In particular, those countries that have reached economic stability and started to implement policy reforms in the context of their poverty reduction strategies have performed better than countries that are less advanced in their reform programmes. Those that had not yet started with domestic reforms performed worst of all. In fact, in the six countries that had reached completion point, GDP in 2001 was higher than it was in 1997, whereas it fell over time in the other two groups.

The increase was particularly marked for investment, which for “completion point countries” was more than 30% higher in 2001 than in 1997, while it increased by less than 10% in “decision point countries”, where more progress was needed, and fell in the lagging “pre-decision point HIPCs”.

A similar pattern is seen for exports and imports.
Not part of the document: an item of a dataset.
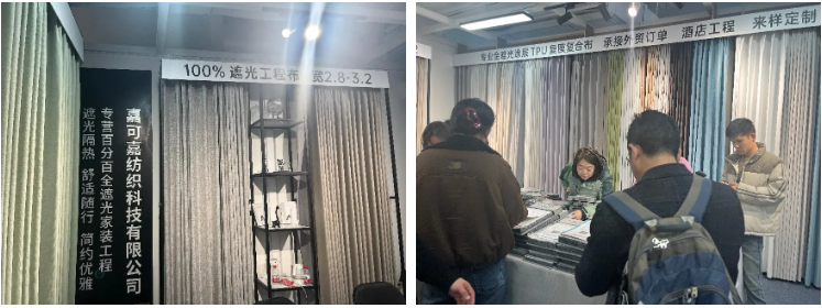 经营加工百分比全遮光窗帘的嘉可嘉纺织科技有限公司,主要承接外贸订单与酒店工程,以外贸业务为主,市场包括韩国、日本以及印尼、马来西亚、泰国等东南亚国家。嘉可嘉纺织总经理凌先生在采访中表示:“作为许村成立十几年的企业,我们知道以前市场这边外国客户是比较少的,这几年展会国际化升级,我们也看到这一利好趋势,选择过来参展,借助展会窗口对接更多外贸客户。我们的窗帘不仅能够做到全遮光,还具备隔音、隔热、抗菌、防紫外线等功能,这次展会反响很好,已经有对接到一些外贸客户了。”

As for foreign direct investment, all three country groups increased their stock during the late 1990s, but the largest inflows once again went to “completion point HIPCs”.

Obviously, these results are preliminary, since the HIPC initiative in its enhanced form was launched less than four years ago and the first country to reach completion point was Uganda, as recently as May 2000.

The direction of causality lends itself to questioning, too. For instance, did “completion point countries” perform well because of recent reforms associated with debt relief, or because earlier policies and relatively good economic performances in the past have made it easier for them to qualify for debt relief? Looked at another way, what prevented the poorer performers from engaging in reform?

While the available evidence suggests that reform policies do make a difference in terms of economic and trade performance, perhaps some of the very poorest countries find it particularly difficult, say, because of disease, conflict or the resistance of vested interests, to lift themselves out of the poverty quagmire.

More time is needed to understand these possibilities more clearly, as the HIPC initiative is still evolving. For instance, it seems likely that trade reforms have helped some countries augment their export and import performance and, in turn, attack their debt levels. Yet, some of the early poverty reduction strategy programmes gave little consideration to trade and trade-related policies, concentrating instead on issues such as containment of inflation and government budgets, and investment in agricultural and social infrastructure.

Integrating trade policy reform into HIPC reform programmes is now being encouraged by the IMF and the World Bank, with a particular focus, for example, on customs reform and governance, and attention to the impact of textiles trade liberalisation on HIPC economies.

Trade policy programmes in OECD countries, such as the EU’s “Everything But Arms Initiative” or the US’s “African Growth and Opportunities Act”, which grant preferential market access to exporters from low-income countries, can play a complementary role in improving the prospects for exports from the world’s poorest countries.

Yet, what makes HIPC interesting is that it challenges poor countries to take action themselves, and to reap the benefit, while helping international policy to focus more attention on the problems of the weakest economies.

References

Bird, G. and A. Milne (2003), “Debt relief for low income countries: is it effective and efficient?”, World Economy 26(1): 43-59.

Daseking, C. and R. Powell (1999), “From Toronto terms to the HIPC Initiative: a brief history of debt relief for low income countries”, IMF Working Paper WP/99/142, Washington DC.

OECD (2003), “HIPC and trade policy reform: some early observations”, Unclassified document TD/TC/WP(2003)4/FINAL, Paris.